2. Claims 1–3 of the '303 patent appear below 1. The besylate salt of amlodipine. 2. A pharmaceutical composition comprising an antihypertensive, antiischaemic or angina — alleviating effective amount of the besylate salt of amlodipine as claimed in claim one together with a pharmaceutically acceptable diluent or carrier. 3. A tablet formulation comprising an anti-hypertensive, antiischaemic or angina — alleviating effective amount of the besylate salt of amlodipine as claimed in claim one in admixture with excipients.
3. Judge Rosenbaum of the US District Court for the Northern District of Illinois issued an oral bench ruling and did not issue a written decision. Of note, the Federal Circuit stated that '[w]hile oral bench rulings are certainly authorized, they may be ill-advised in a case of this complexity'. Pfizer v Apotex, 480 F.3d at 1357, n. 4.
4. The court noted that 'Besylate is referred to in the art interchangeably as benzene sulphonate, benzenesulphonate or benzene sulfonate'. Pfizer v Apotex, 480 F.3d at 1353, n. 1.

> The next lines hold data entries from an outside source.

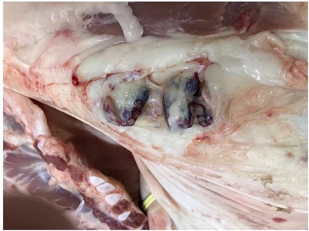Tại thời điểm kiểm tra, đội phát hiện hơn 620 kg thịt heo không có dấu kiểm soát giết mổ trên thân thịt. Chưa hết, đội còn ghi nhận các móng chân bị bong tróc, biểu hiện điển hình của bệnh lở mồm long móng.
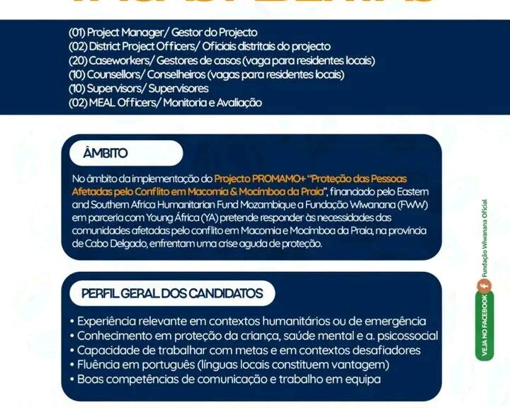 O Projeto PROMAMO+ é uma iniciativa humanitária implementada em Cabo Delgado, no entanto foca no apoio às comunidades afetadas pelo conflito, especialmente nos distritos de Macomia e Mocímboa da Praia. Dessa forma, o programa procura melhorar a proteção, o bem-estar e a resiliência das populações vulneráveis, através de atividades comunitárias, apoio psicossocial e assistência social. Além disso, para alcançar esses objetivos, estão abertas várias vagas destinadas a profissionais comprometidos em contribuir para o desenvolvimento e recuperação das comunidades locais.
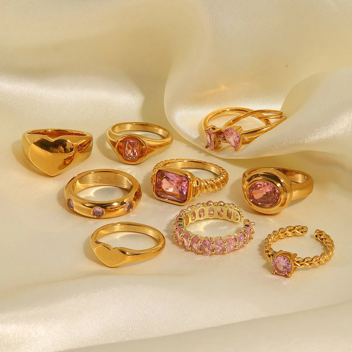 Fashion Geometric Stainless Steel Plating Zircon Gold Plated Rings
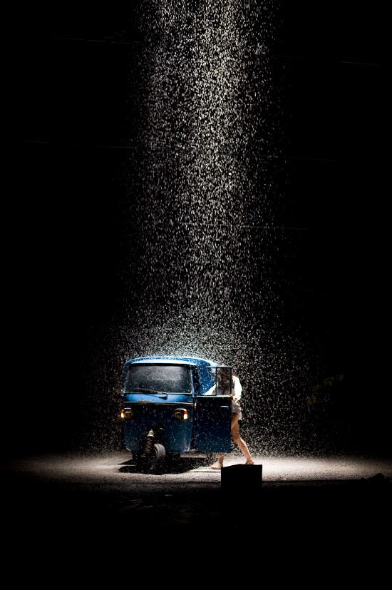 Cette troupe de 18 acteurs est un concentré de pépites. On plonge avec eux sous la pluie d’étoiles, on s’immerge dans la scène d’amour qui se passe dans la minuscule Vespa, on décide à l’avance de l’issue de la noce.
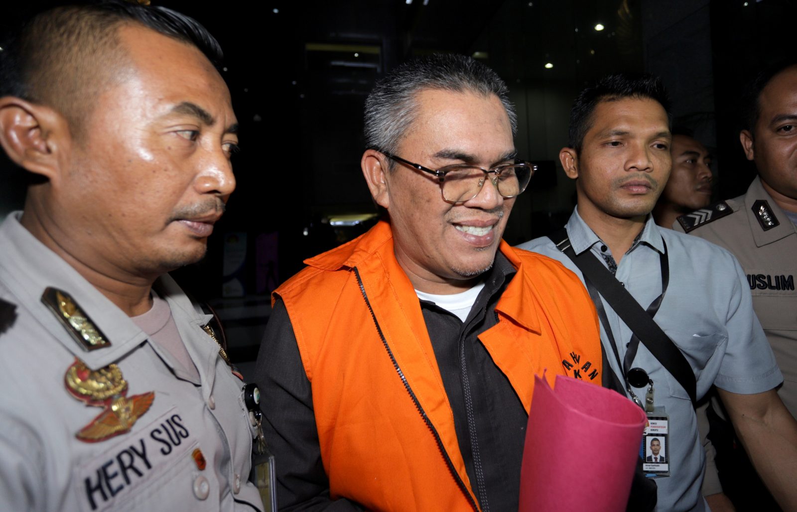 Bupati Muara Enim Ahmad Yani menggunakan rompi oranye usai menjalani pemeriksaan terkait Operasi Tangkap Tangan (OTT) di Gedung KPK, Jakarta, Selasa (3/9/2019). Dalam OTT tersebut KPK menetapkan tiga orang tersangka yakni Bupati Muara Enim Ahmad Yani, Kep
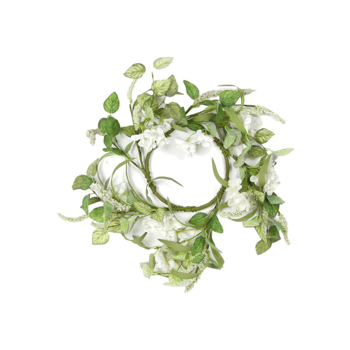 The White Natural Floral Ring is a beautiful addition to your home or event venue. Featuring beautiful green leaves and natural white flowers to bring a light, spring-like aura to your space, this ring is perfect for hanging on doors, walls, or even laying on tables to help bring the outdoors in, leaving you with a bright and beautiful piece of decor to uplift your home.
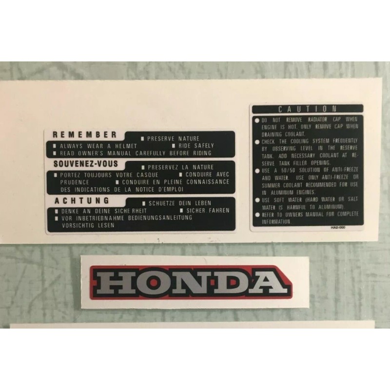 1985 Honda ATC250R headlight decal in factory colors, red, black, & silver and warning decal.
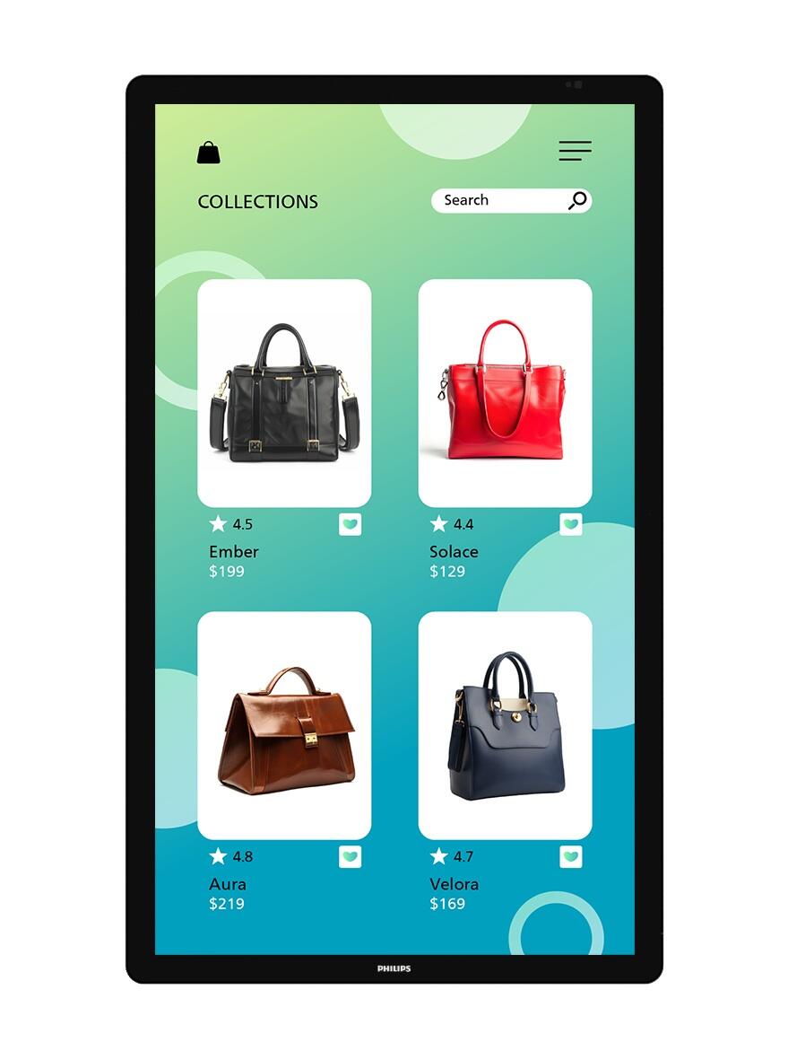 Montage im Hoch- oder Querformat möglich, bis zu 30° neigbar, mit Größenvarianten für verschiedene Montagezwecke. Ob auf dem Regal (ideal für Modelle mit 60 cm (24")), abgewinkelt oder aufrecht für Point-of-Sale, Konfiguratoren, Bestellannahmestellen und Kiosks (ideal für Modelle mit 80 cm (32") oder 108 cm (43")). Die größte Variante des Displays sind 139 cm (55").
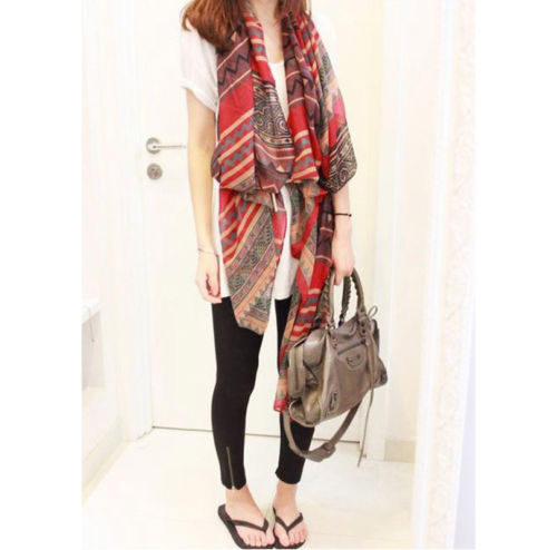 > Damen Bekleidung > Zubehör > 1 PC Damen Lady Böhmischen Winter warm weiche Baumwolle Roten Vintage Print Schals Schal lange Voile Pashmina
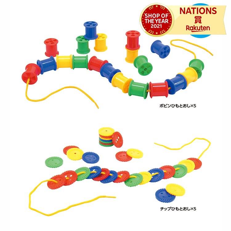 ボビン・チップひもとおし 2種×5個セット 子供 キッズ おもちゃ 幼児 知育玩具 室内 遊び ゲーム プレゼント 幼稚園 ...
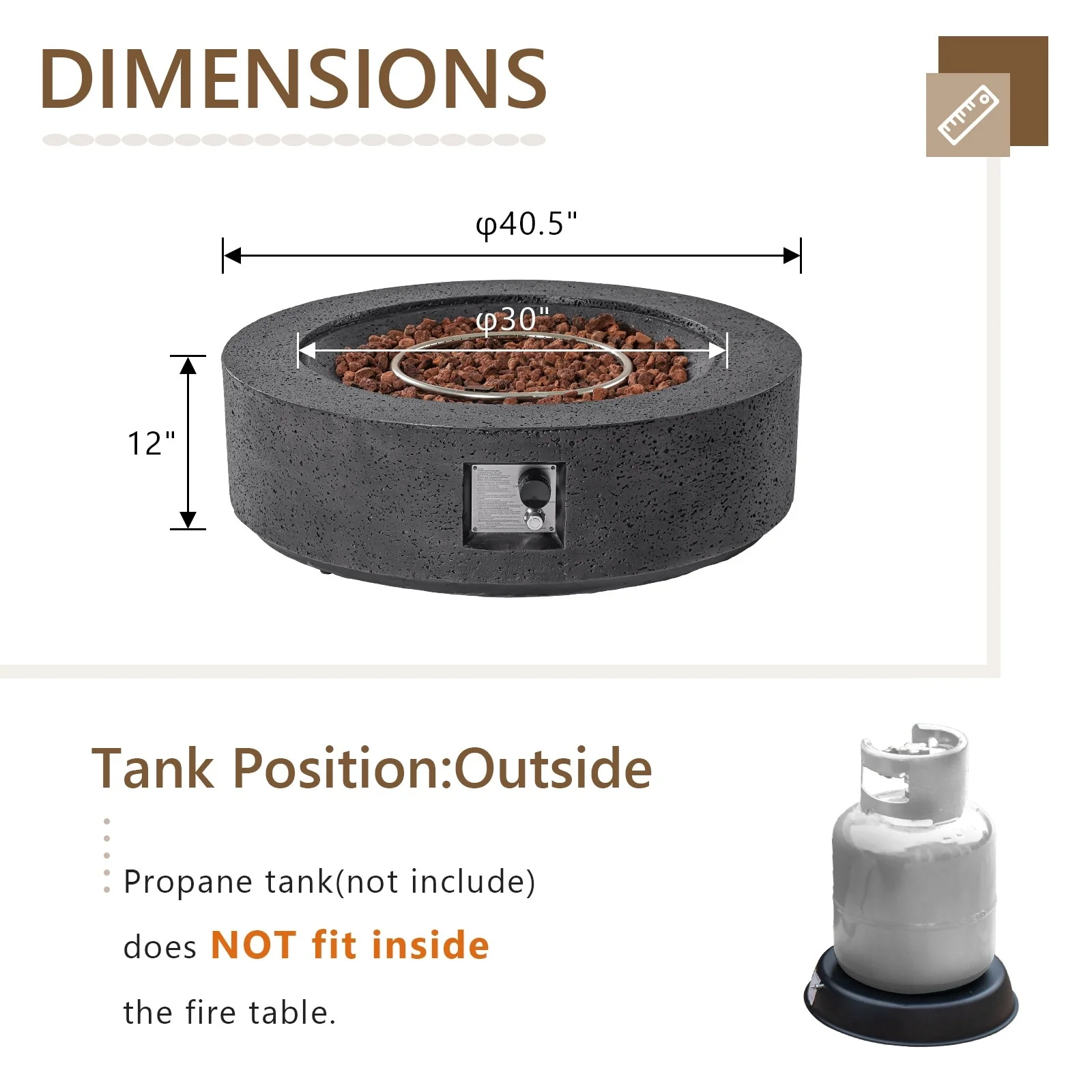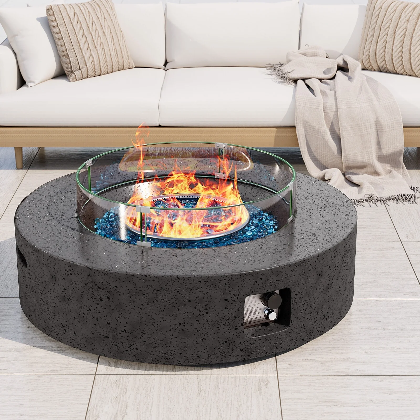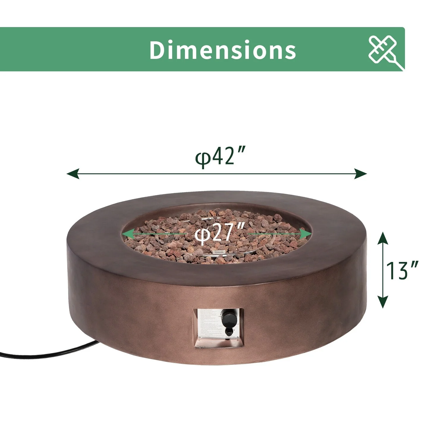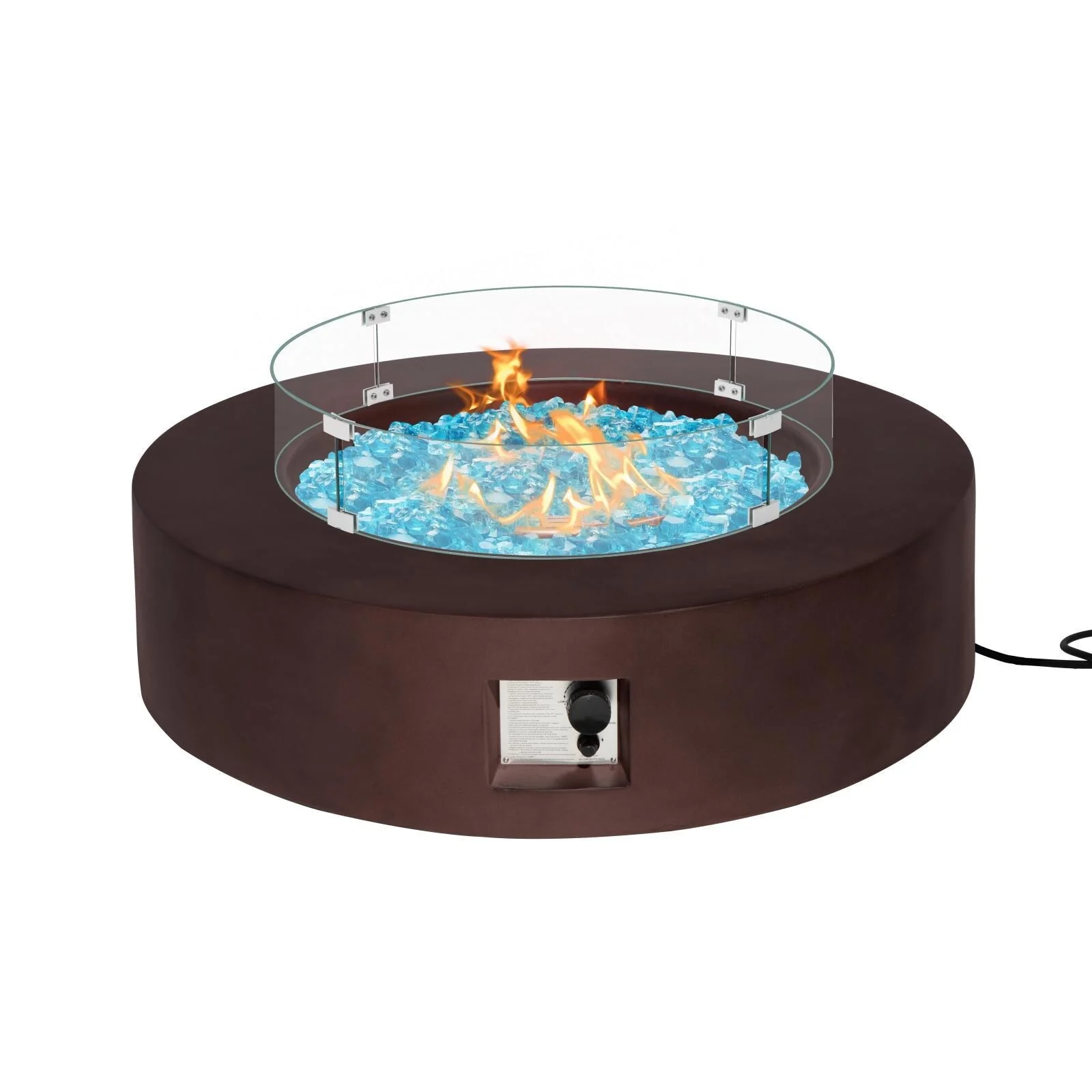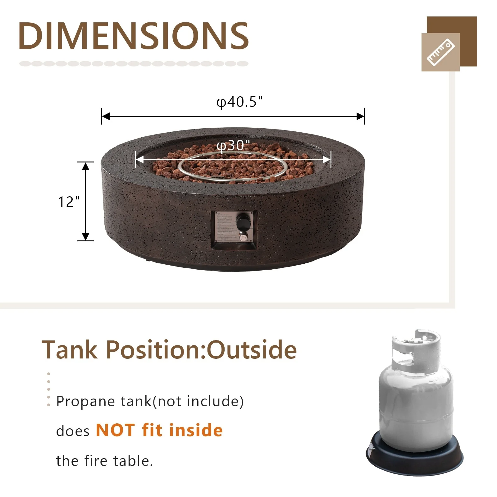 Fire & Flare 35"W Round 50K BTU Outdoor Propane Fire Pit Table with Lava Rocks
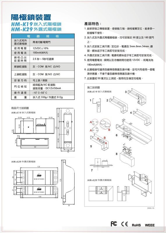 | 專案限量陽極鎖裝置HM-K19 崁入式陽極鎖 | ||||||||||

5. The '909 patent claims certain dihydropyridine compounds and their pharmaceutically acceptable salts. More specifically, '[t]he '909 patent discloses that the pharmaceutically acceptable salts of amlodipine "are those formed from acids which form from non-toxic acid addition salts containing pharmaceutically acceptable anions such as hydrochloride, hydrobromide, sulphate...maleate...and gluconate salts," and that the preferred salt is maleate'. Pfizer v Apotex, 480 F.3d at 1353.
6. Subsequent to the Federal Circuit's decision in Pfizer v Apotex, the court of appeals reversed the district court judgments in Pfizer v Mylan and Pfizer v Synthon.